--- Aim of the exercise ---
Restate every line of the data word for word, except for the images.

--- Data shown ---
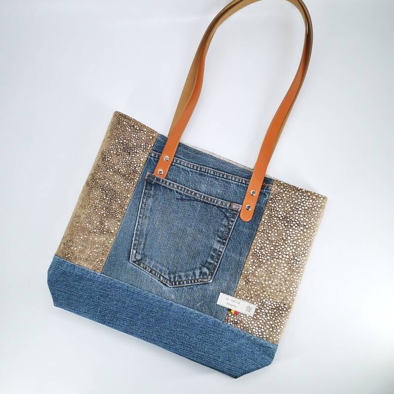 Je suis un joli cabas entoilé bi matière en tissu d'ameublement et jeans doublé de coton.
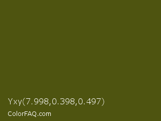 Yxy 7.998,0.398,0.497 Color is a very dark yellow color and the nearest color is Saratoga #555b10. Hex code #4e5410 and RGB value is rgb(78,84,16). In RGB color space, this color is composed of 31% red, 33% green, 6% blue, In CMYK color space, this color is composed of 7% cyan, 0% magenta, 81% yellow , 67% black , In HSL color space, this color has a hue angle of 65° , 68% saturation and 20% lightness.
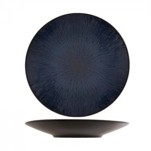 Sada barevných talířů ve světlém odstínu. GALASSIA je kolekce keramického nádobí ve dvou odlišných barevných variacích: bílé a modré. Sbíhající se linie na…
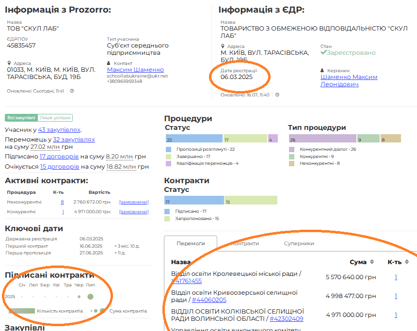 ТОВ зареєстрований у березні 2025 року. Має 17 договорів на 8 мільйонів гривень. Всі договори отримав у червні та липні 2025 року.
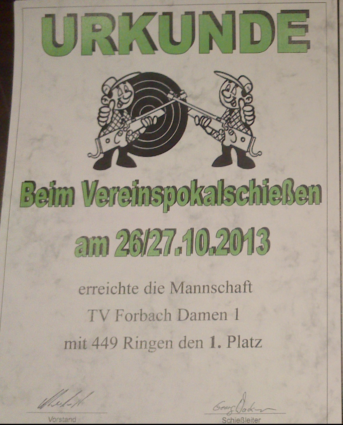 Die Damen des TV Forbach nahmen am Wochenende mit zwei Mannschaften am Vereinspokalschießen teil. Schon seit vielen Jahren sind sie mit zwei Mannschaften bei dem Turnier dabei und konnten fast immer einen der ersten drei Plätze erreichen. Nachdem man im letztes Jahr den Sieg nur knapp verpasst hatte, konnten sich die Damen der 1. Mannschaft gestern Abend bei der Siegerehrung über den 1. Platz freuen. Die 2. Mannschaft erreichte den 7. Platz. Bemerkenswert ist auch der 1. Platz von Heike Schillinger in der Einzelwertung der Damen, die ebenfalls seit vielen Jahren für die 1. Mannschaft der TV Damen am Start ist und zur guten Platzierung der Mannschaft beiträgt.
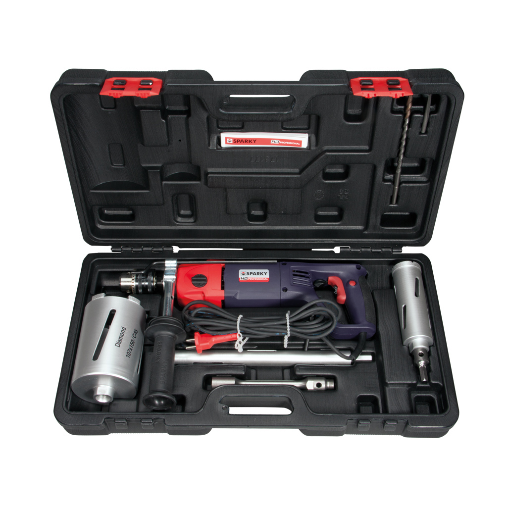 Heavy duty klopboor van 1100W met D-handvat en 2 versnellingen. Geleverd in koffer inclusief diamanten boorkronen en toebehoren om gaten te kunnen boren van 107 mm, 52 mm en 28 mm.
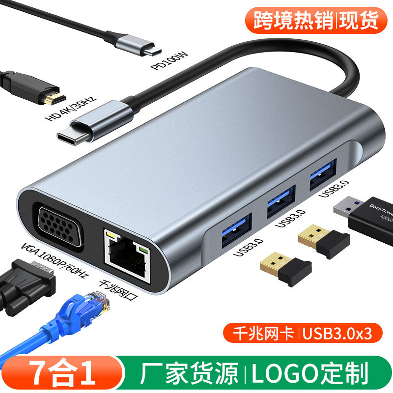 Gratis pengiriman dari 10 lintas batas dalam stok Amazon penjualan laris kartu jaringan gigabit usb stasiun Dok 7-in-1 Dok ekspansi
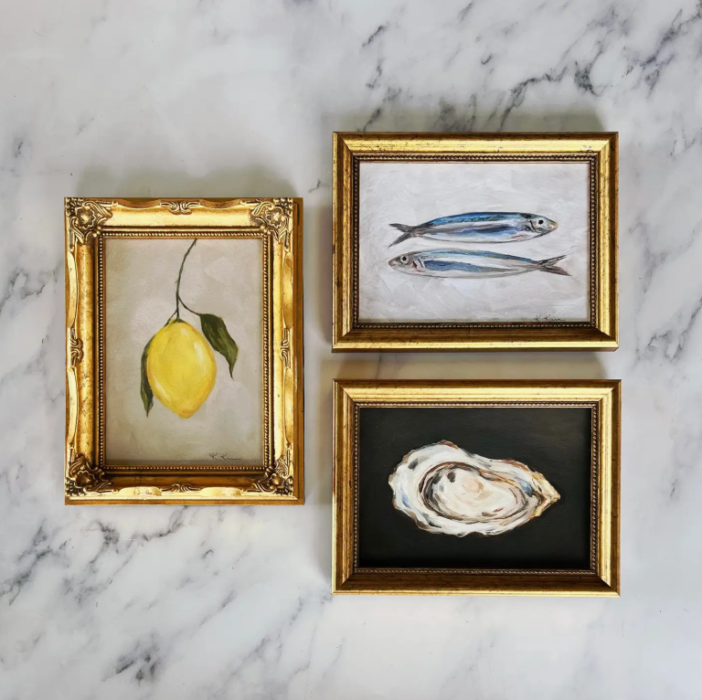 Art Prints in 8x10 and 5x7 gold wood frames - creative groupings look amazing together. Scroll through the images for inspiration!
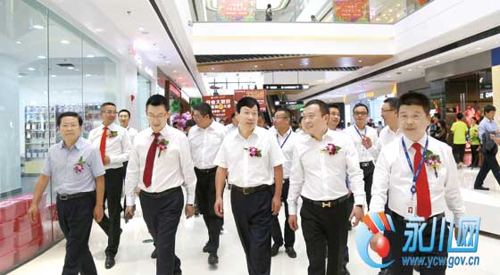 ????????9月16日永川万达广场正式开业运营。区委书记熊雪,区政协主席刘祥全,万达集团商管公司副总裁陈洪涛,重庆万达项目公司总经理汤宇宏等出席开业庆典。图为熊雪一行在陈洪涛、汤宇宏等陪同下,参观万达广场商业街。 记者 范 辉 摄
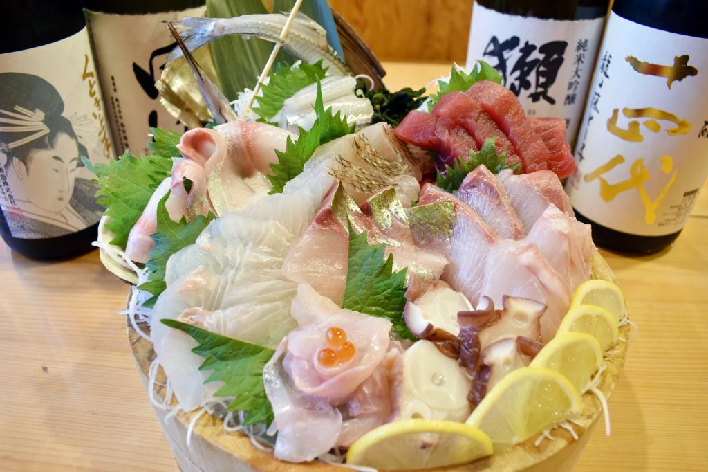 新鮮な魚をさばいて作る豪快な刺身の盛り合わせは、見て驚き食べて美味しい♪
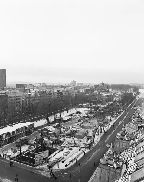 park, anleggsarbeid, bygging av jernbanetunnel, brakker, forretningsgårder
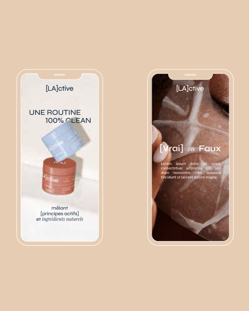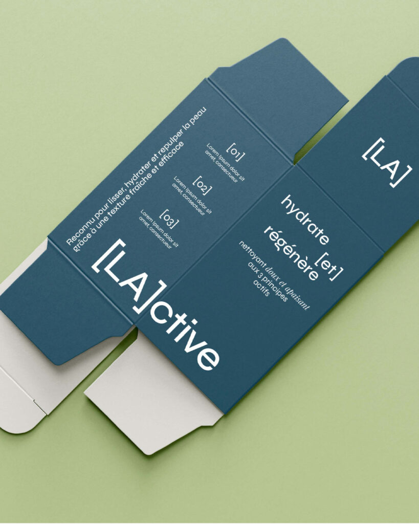 [LA]ctive est une marque de cosmétiques distribuée en pharmacie, pour laquelle nous avons conçu une identité visuelle sobre et minimaliste, en accord avec les codes de confiance et de sérieux propres à l’univers dermocosmétique. L’objectif était de proposer une image claire, rassurante et lisible, tout en restant moderne.
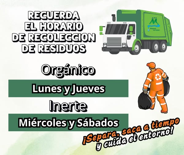 ¡Recuerda los días de recolección de residuos! 26 junio, 2025 Auxiliar Administrativo Noticias Residuos Orgánicos Lunes y Jueves A partir de las 6:00 a. m. Residuos Inertes Miércoles y Sábados A partir de las 6:00 a. m. ¡Saca tus residuos a tiempo y ayuda a mantener limpio nuestro municipio!APC MANANTIALES DE CHUCURÍ, ¡EMPRESA DE TODOS!
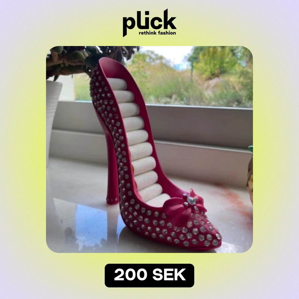Rosa glittrande klacksko för ringar och örhängen. Använd ett fåtal gånger, men är som ny. Perfekt för dina smycken!

--- Solution below ---
 Je suis un joli cabas entoilé bi matière en tissu d'ameublement et jeans doublé de coton.
 Yxy 7.998,0.398,0.497 Color is a very dark yellow color and the nearest color is Saratoga #555b10. Hex code #4e5410 and RGB value is rgb(78,84,16). In RGB color space, this color is composed of 31% red, 33% green, 6% blue, In CMYK color space, this color is composed of 7% cyan, 0% magenta, 81% yellow , 67% black , In HSL color space, this color has a hue angle of 65° , 68% saturation and 20% lightness.
 Sada barevných talířů ve světlém odstínu. GALASSIA je kolekce keramického nádobí ve dvou odlišných barevných variacích: bílé a modré. Sbíhající se linie na…
 ТОВ зареєстрований у березні 2025 року. Має 17 договорів на 8 мільйонів гривень. Всі договори отримав у червні та липні 2025 року.
 Die Damen des TV Forbach nahmen am Wochenende mit zwei Mannschaften am Vereinspokalschießen teil. Schon seit vielen Jahren sind sie mit zwei Mannschaften bei dem Turnier dabei und konnten fast immer einen der ersten drei Plätze erreichen. Nachdem man im letztes Jahr den Sieg nur knapp verpasst hatte, konnten sich die Damen der 1. Mannschaft gestern Abend bei der Siegerehrung über den 1. Platz freuen. Die 2. Mannschaft erreichte den 7. Platz. Bemerkenswert ist auch der 1. Platz von Heike Schillinger in der Einzelwertung der Damen, die ebenfalls seit vielen Jahren für die 1. Mannschaft der TV Damen am Start ist und zur guten Platzierung der Mannschaft beiträgt.
 Heavy duty klopboor van 1100W met D-handvat en 2 versnellingen. Geleverd in koffer inclusief diamanten boorkronen en toebehoren om gaten te kunnen boren van 107 mm, 52 mm en 28 mm.
 Gratis pengiriman dari 10 lintas batas dalam stok Amazon penjualan laris kartu jaringan gigabit usb stasiun Dok 7-in-1 Dok ekspansi
 Art Prints in 8x10 and 5x7 gold wood frames - creative groupings look amazing together. Scroll through the images for inspiration!
 ????????9月16日永川万达广场正式开业运营。区委书记熊雪,区政协主席刘祥全,万达集团商管公司副总裁陈洪涛,重庆万达项目公司总经理汤宇宏等出席开业庆典。图为熊雪一行在陈洪涛、汤宇宏等陪同下,参观万达广场商业街。 记者 范 辉 摄
 新鮮な魚をさばいて作る豪快な刺身の盛り合わせは、見て驚き食べて美味しい♪
 park, anleggsarbeid, bygging av jernbanetunnel, brakker, forretningsgårder
 [LA]ctive est une marque de cosmétiques distribuée en pharmacie, pour laquelle nous avons conçu une identité visuelle sobre et minimaliste, en accord avec les codes de confiance et de sérieux propres à l’univers dermocosmétique. L’objectif était de proposer une image claire, rassurante et lisible, tout en restant moderne.
 ¡Recuerda los días de recolección de residuos! 26 junio, 2025 Auxiliar Administrativo Noticias Residuos Orgánicos Lunes y Jueves A partir de las 6:00 a. m. Residuos Inertes Miércoles y Sábados A partir de las 6:00 a. m. ¡Saca tus residuos a tiempo y ayuda a mantener limpio nuestro municipio!APC MANANTIALES DE CHUCURÍ, ¡EMPRESA DE TODOS!
Rosa glittrande klacksko för ringar och örhängen. Använd ett fåtal gånger, men är som ny. Perfekt för dina smycken!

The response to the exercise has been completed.